O caso gerou debate interno no próprio STF por envolver o sigilo de fonte, garantia protegida pela Constituição. O presidente da Corte, Edson Fachin, defendeu publicamente o direito dos jornalistas. Por sua vez, Moraes sustentou que as medidas se basearam em indícios de práticas ilegais e que a proteção à atividade jornalística não alcança o cometimento de eventuais crimes.

Reincidência e histórico da Lei Magnitsky

Moraes já havia sido incluído pelo Departamento do Tesouro dos EUA na lista de sancionados da Lei Magnitsky em julho de 2025. Na ocasião, Washington acusou o ministro de autorizar prisões arbitrárias, restringir a liberdade de expressão e conduzir processos politizados, citando as ações contra o ex-presidente Jair Bolsonaro (PL).
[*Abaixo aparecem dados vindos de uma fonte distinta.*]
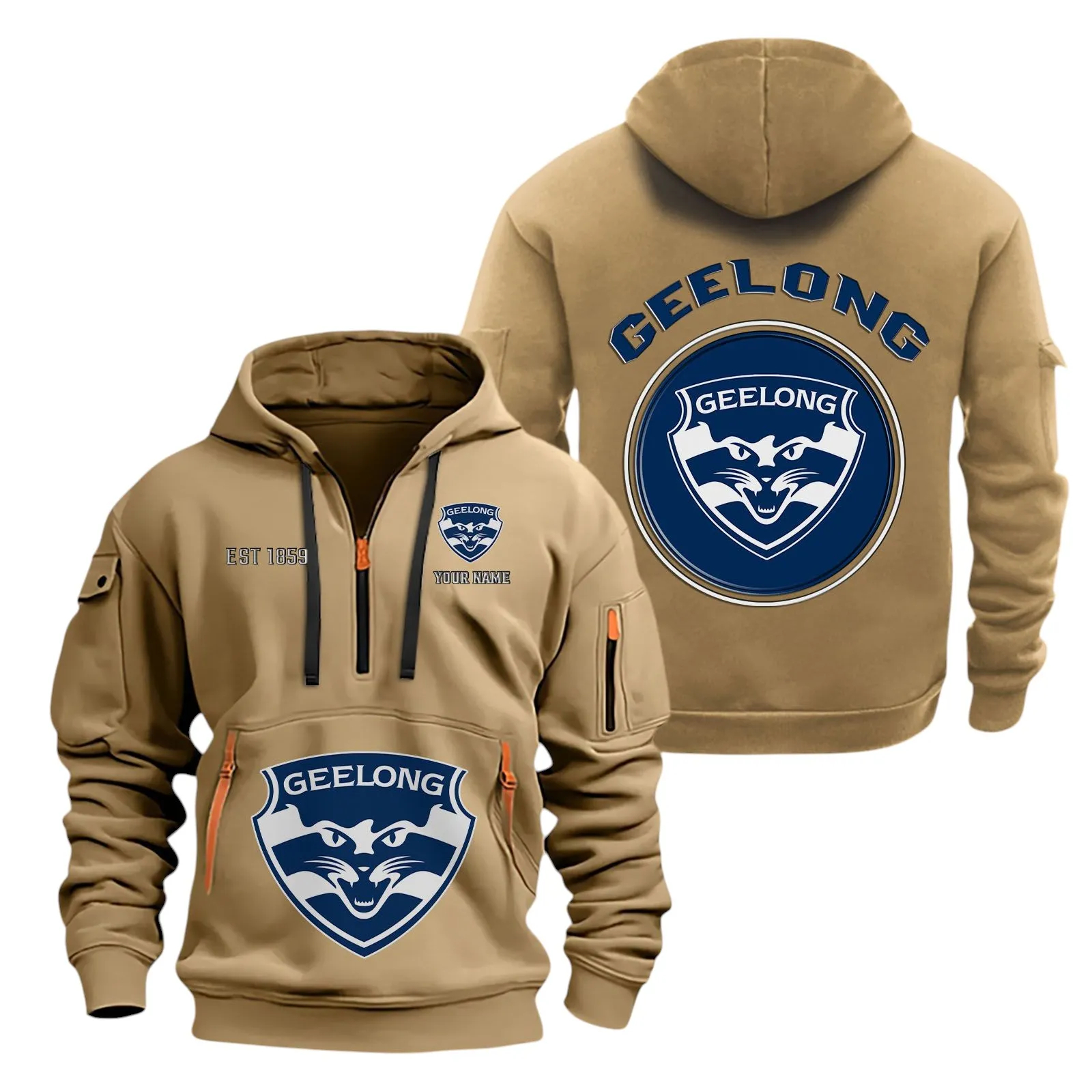 Geelong Cats Fans Gift Hoodie Half Zipper, All Over Print Hoodie Half Zipper For Sport Fan AFL153071525134 - Khaki

A sanção congelou bens do ministro em solo americano e proibiu transações financeiras com cidadãos ou empresas dos EUA.

Em setembro do mesmo ano, a medida foi estendida à esposa do ministro, Viviane Barci de Moraes, e ao Lex Instituto de Estudos Jurídicos. Embora as punições tenham sido revogadas em dezembro de 2025, durante um breve momento de reaproximação diplomática, o Financial Times aponta que o descontentamento da Casa Branca em relação ao ministro permaneceu.

Tensão diplomática entre Brasil e EUA

A eventual renovação das sanções ocorre em um momento de escalada nas tensões entre Brasília e Washington, marcada por atritos comerciais e diplomáticos às vésperas do pleito eleitoral no Brasil. Recentemente, o governo americano impôs novas sobretaxas a produtos brasileiros, levando o governo federal a acionar a Lei da Reciprocidade Econômica.

No âmbito diplomático, Washington revogou o visto da embaixadora do Brasil nos EUA, Maria Luiza Viotti, após o governo brasileiro não conceder o agrément ao novo indicado para a embaixada americana. Em contrapartida, o Brasil barrou a entrada de funcionários do Departamento de Estado americano, alegando risco de interferência nas eleições.